625 Depression and Anxiety as a Factor of Contact Precautions over Two Years in An Urban Tertiary Care Hospital

Saturday, March 20, 2010
Grand Hall (Hyatt Regency Atlanta)
Hannah R. Day, MS , University of Maryland, Baltimore, MD
Eli N. Perencevich, MD , University of Maryland School of Medicine, Baltimore, MD
Seth Himelhoch, MD, MPH , University of Maryland School of Medicine, Baltimore, MD
Marin L. Schweizer, PhD , University of Maryland School of Medicine, Baltimore, MD
Daniel J. Morgan , Univ of Maryland, Baltimore, MD

Background: Contact Precautions are generally reported to increase depression and anxiety in hospitalized patients. Previous studies have been limited by small sample size and narrow range of underlying conditions of included patients.

Objective: To estimate the association between contact precautions and depression/anxiety among all major medical/surgical service admissions over two years.  

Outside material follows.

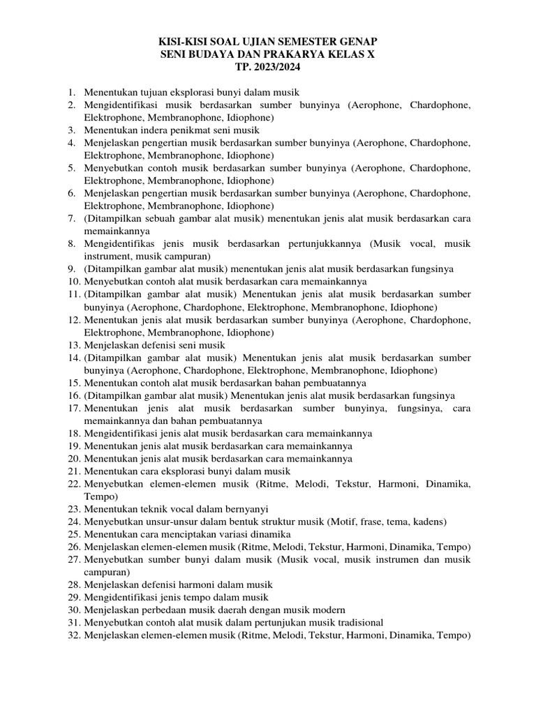 Mata pelajaran Seni Budaya di kelas X semester 1 biasanya mencakup pengenalan dasar-dasar dari empat domain seni: Seni Rupa, Seni Musik, Seni Tari, dan Seni Teater. Materi yang diajarkan meliputi konsep, teknik dasar, sejarah singkat, dan apresiasi. Oleh karena itu, penyusunan soal harus mampu mengukur:

                                      

Methods: All admissions (n=51,946) to major medical/surgical services during two years at an urban tertiary care hospital were queried from a well-validated relational database containing patients' administrative, pharmacy and laboratory data. Out of 51,946 admissions, 9,561 admissions were excluded due to use of antidepressants, and 1,202 were excluded due to drug or alcohol dependence.  In this study, Contact Precautions were defined as presence of an indicator for any multidrug-resistant bacteria. Outcomes were ICD-9 codes for anxiety and depression. Chi-squared, t-tests and logistic regression analyses were completed in SAS v9.1.

Results:   Among the 41,183 admission included in this study, 6,005 patients were on Contact Precautions. There were 5,537 ICD-9 codes for depression and 1,946 ICD-9 codes for anxiety. Patients placed on Contact Precautions had higher odds of having an ICD-9 code for depression (unadjusted odds ratio (OR): 1.34 CI: 1.24-1.44) than patients not placed on Contact Precautions. In contrast, Contact Precautions were associated with fewer ICD-9 codes for anxiety (OR: 0.86 95% confidence intervals (CI): 0.75-0.99).  Bivariate analyses showed many potential confounders. Age, gender, Charlson comorbidity score, ICU stay, previous admission to the hospital in the past year and length of stay were chosen for the final models based on biologic plausibility and/or statistical significance.

Adjusting for age, gender, Charlson comorbidity score, ICU stay, previous admission to the hospital in the past year and length of stay, the use of Contact Precautions was associated with higher odds of having an ICD-9 code for depression. (OR: 1.19 95% CI: 1.09-1.30). When adjusting for the same factors, the use of Contact Precautions was associated with lower odds of having an ICD-9 code for Anxiety (OR: 0.84 95% CI: 0.72-0.99). 

Conclusions: In a large administrative database, patients who were on Contact Precautions had more frequent diagnoses of depression and less frequent diagnoses of anxiety disorders. Depression appears to be more frequent in patients on Contact Precautions and merits further research.